1. What are the symptoms of Carbon Monoxide poisoning?

Carbon Monoxide poisoning can strike quickly or build up over time. The initial symptoms of CO poisoning are similar to flu symptoms, headaches, nausea and fatigue. With increased exposure time or CO concentration, the symptoms become more severe, taking the form of drowsiness and confusion. Continued exposure can lead to brain damage and death.

2. Where should the Carbon Monoxide detector be placed in the home?

The detector should preferably be placed right outside or in the bedroom. They may also be placed in the furnace room or other areas of the residence where the occupants believe that Carbon Monoxide might accumulate.

3. Will one device be sufficient for an entire dwelling?

Generally, yes. However, large and/or multilevel dwellings may wish to install several.

4. What makes Carbon Monoxide so dangerous?

Carbon Monoxide is an odourless, colourless, and tasteless gas which is very toxic. When Carbon Monoxide is inhaled, it produces an effect known as chemical asphyxiation. Injury is due to the combination of CO with available hemoglobin in the blood, lowering the blood's oxygen-carrying capacity. Even at very low parts per million levels, the body is quickly affected by oxygen starvation. Exposure during sleeping is particularly dangerous because the victim usually does not awaken.

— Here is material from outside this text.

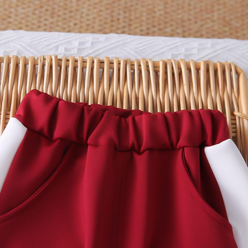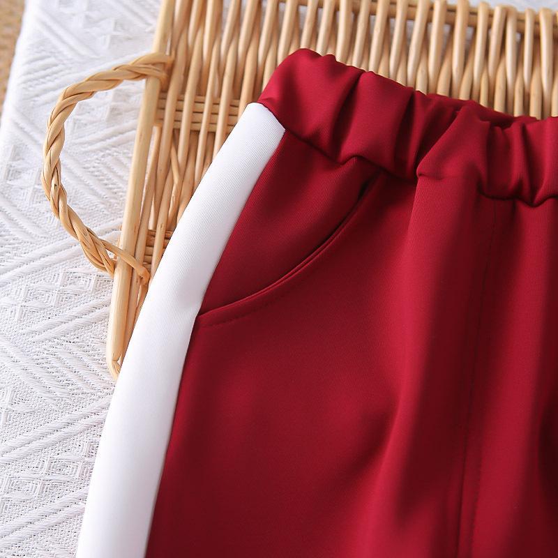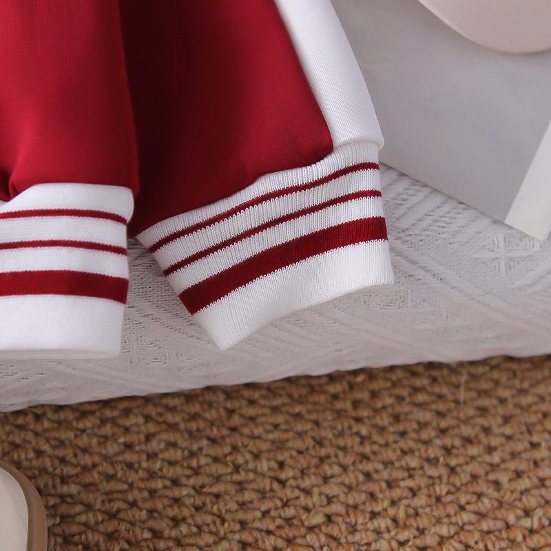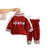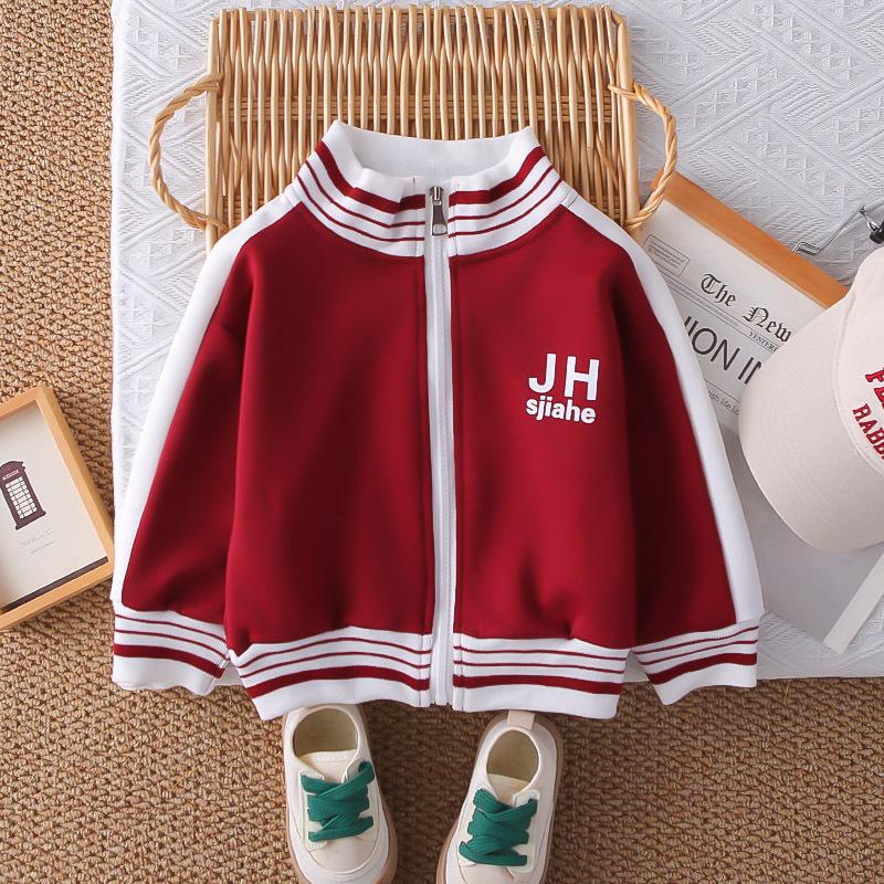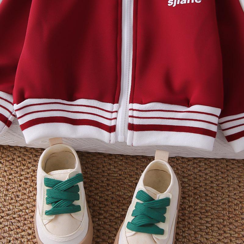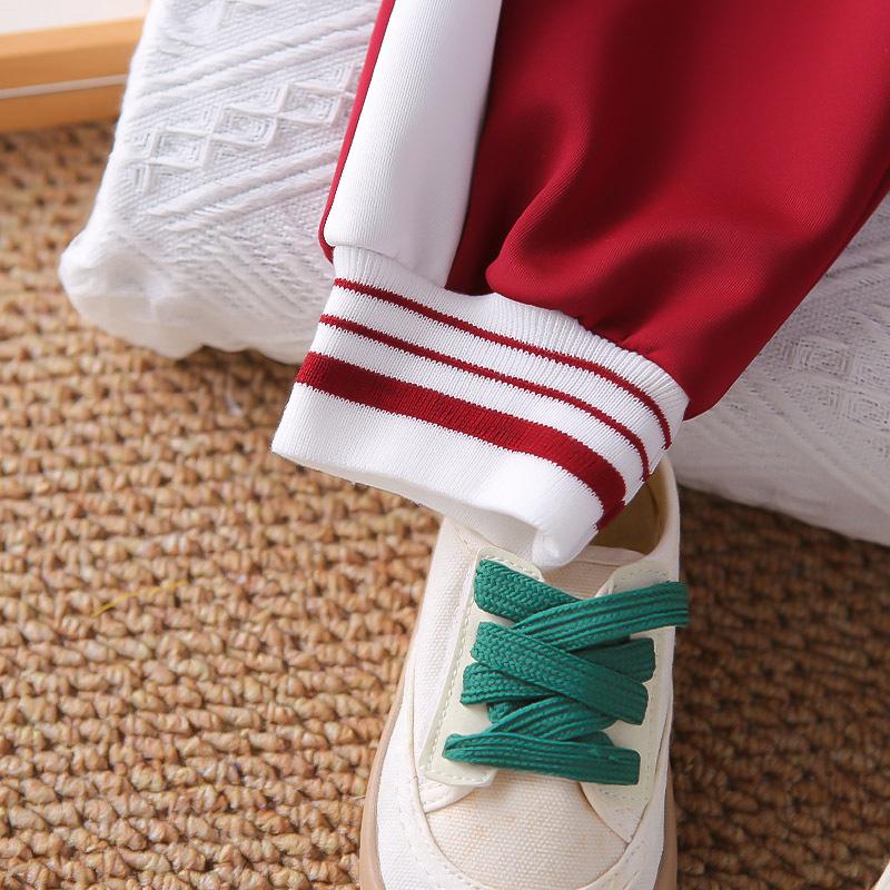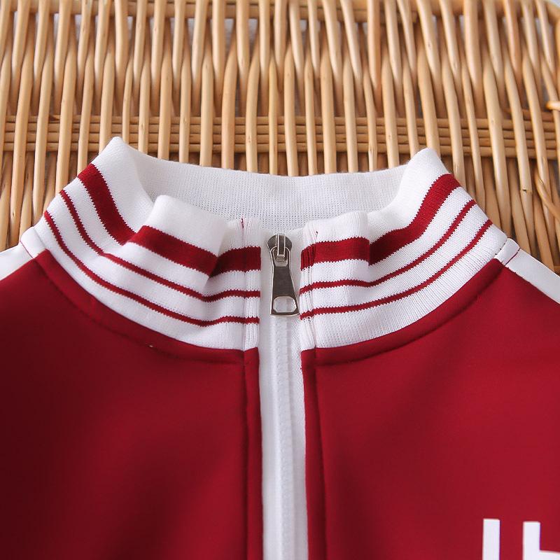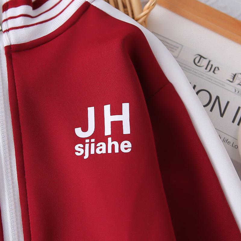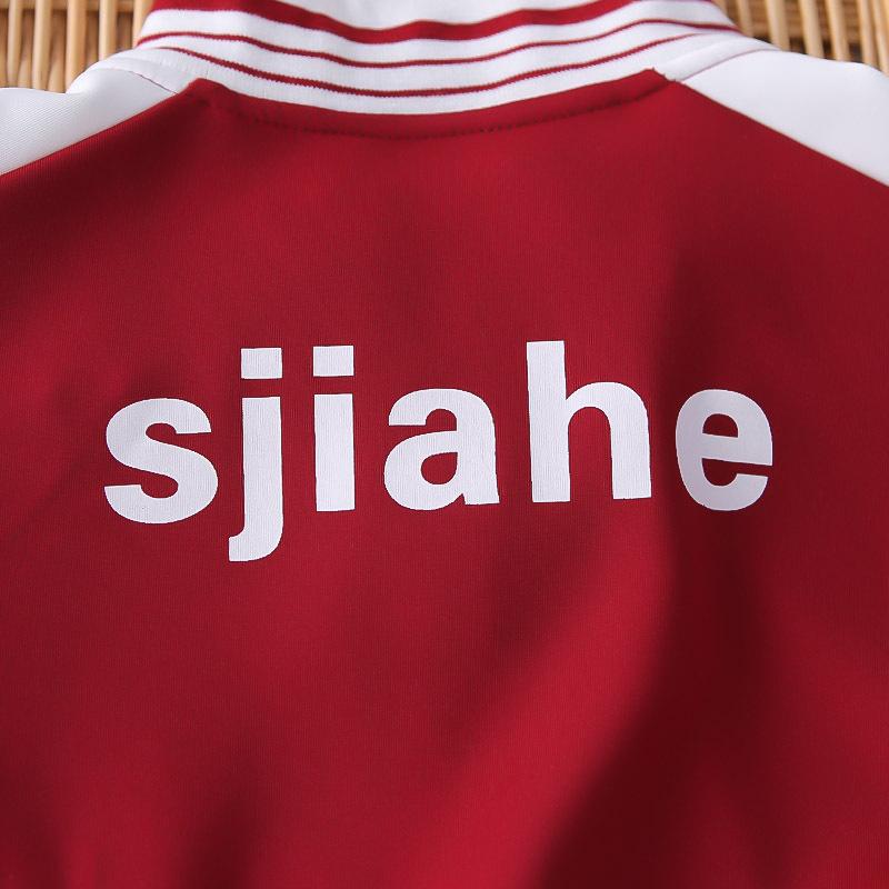 Dark red jh sports zipper shirt long-sleeved three-piece set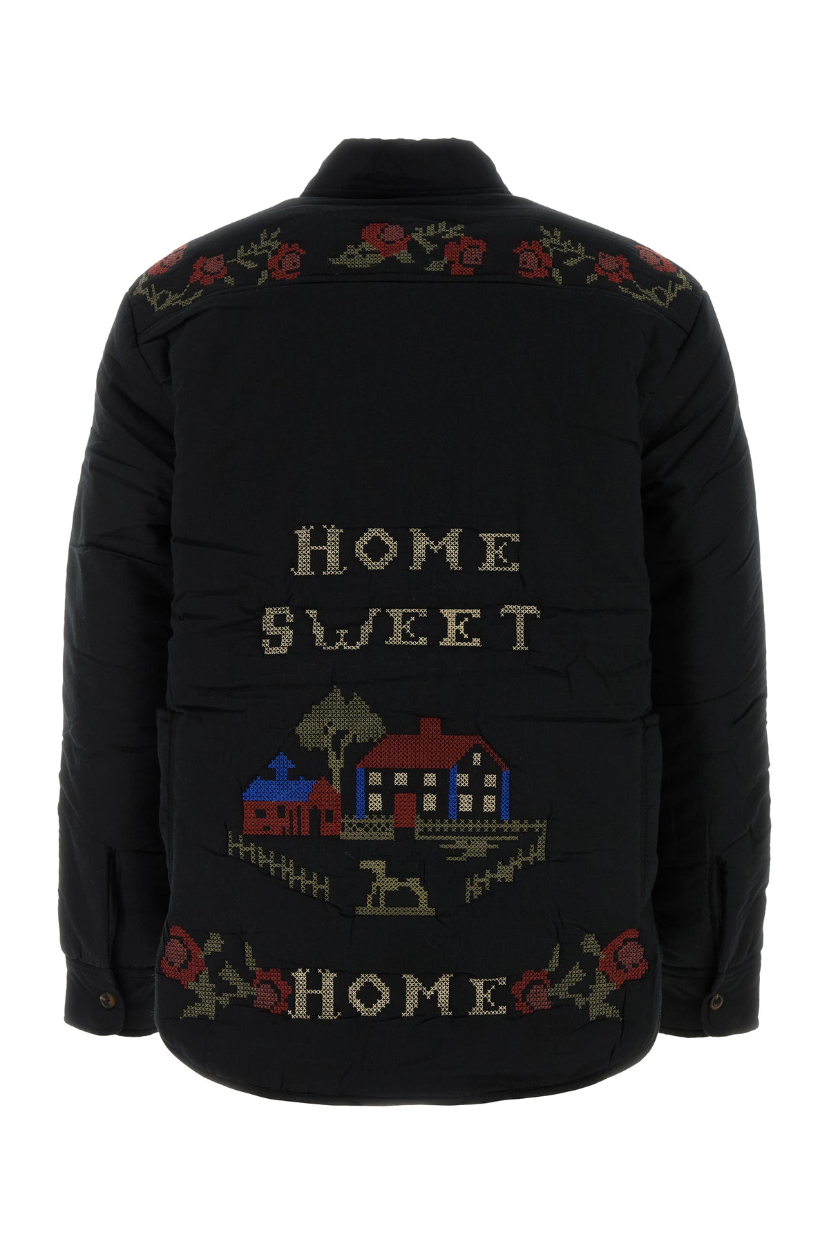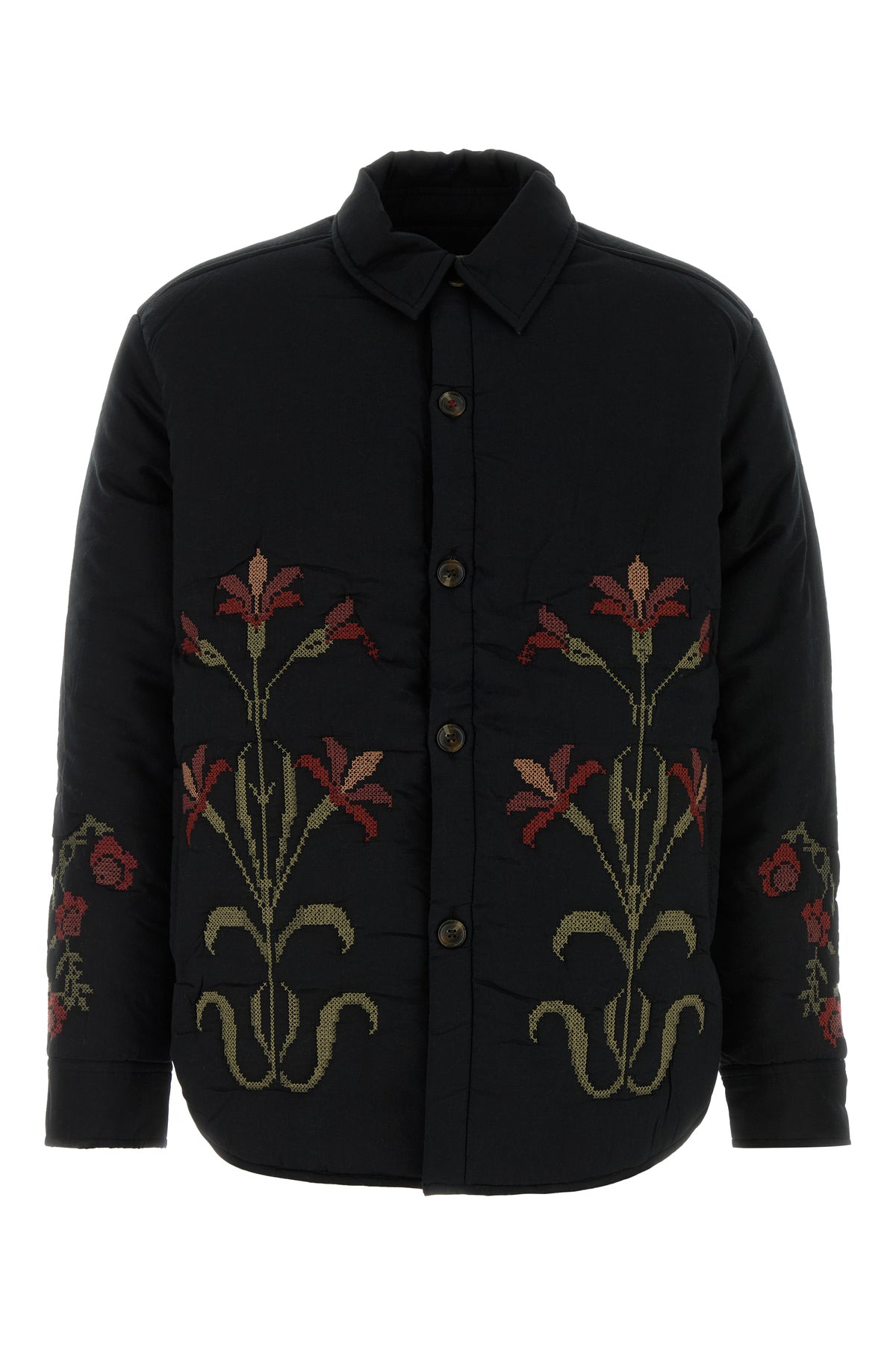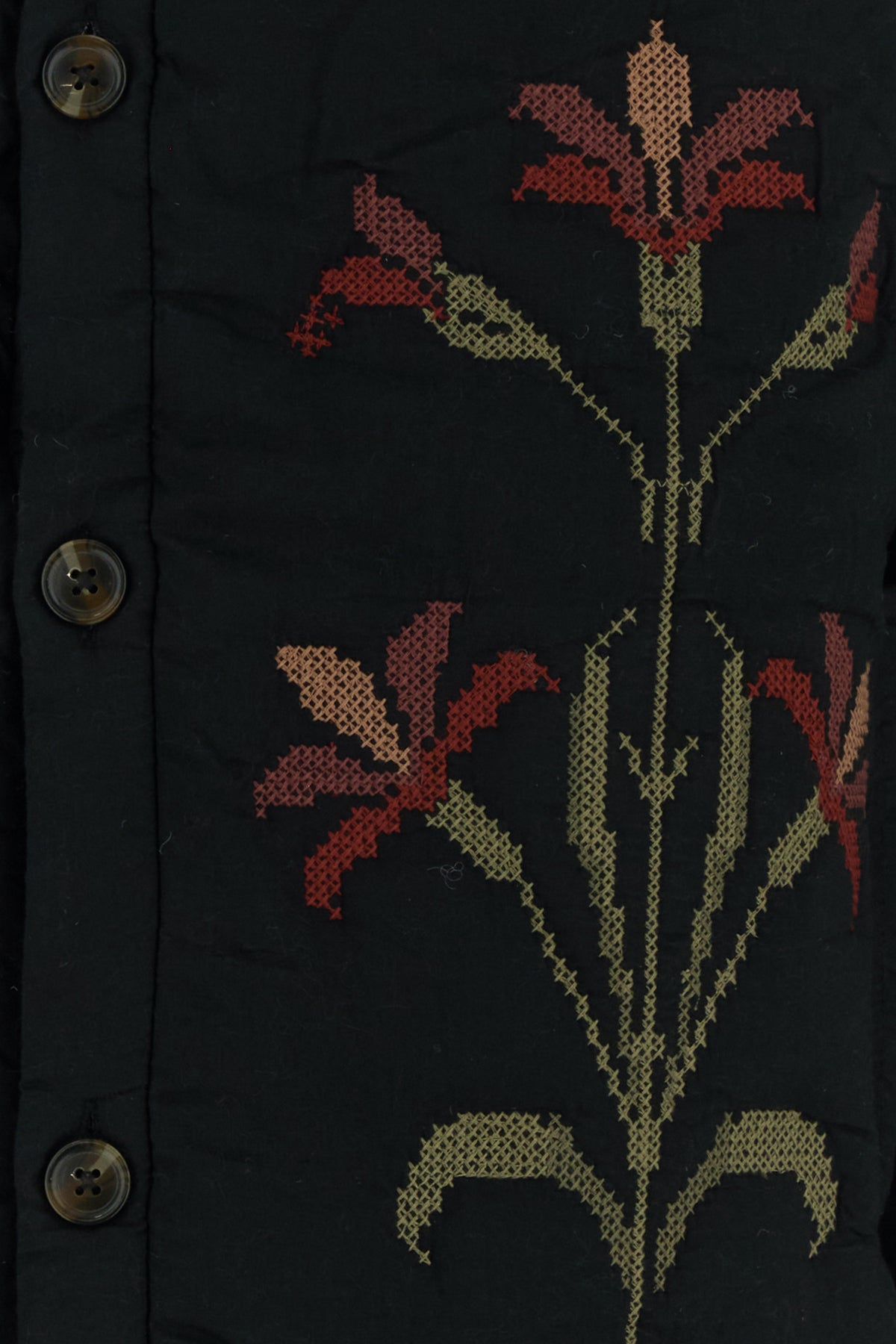 Padded jacket realized in pure cotton characterized by peculiar embroideries on the entire surface.

5. What are some common sources of Carbon Monoxide in a residence?

The most common causes of CO accumulation in homes include:

* blocked or poor ventilated fireplace chimney or furnace flue
* faulty or damaged heating equipment (especially cracked furnace heat exchanges )
* malfunctioning space heater
* automobile or lawn mower exhaust in unvented garages

6. Why should you be concerned about Carbon Monoxide gas?

Carbon Monoxide or CO is a poisonous gas, which is especially dangerous due to its physical characteristics and effect on the body. It is often referred to as the "SILENT KILLER". There are many potential sources and combinations of conditions that may produce Carbon Monoxide. . All are related to the process of incomplete combustion of a fossil fuel. In any enclosed space a small accumulation of CO can be dangerous.

7. What is the source of carbon monoxide?

CO is produced by the incomplete combustion of fossil fuels such as natural gas, propane, heating oil, kerosene, coal, charcoal, gasoline and wood. This problem can occur in any device, which depends on burning for heat or energy. For example, furnaces, boilers, room heaters, hot water heaters, stoves, grills and any gasoline engine (i.e. lawn mower) are enclosed on this list of devices.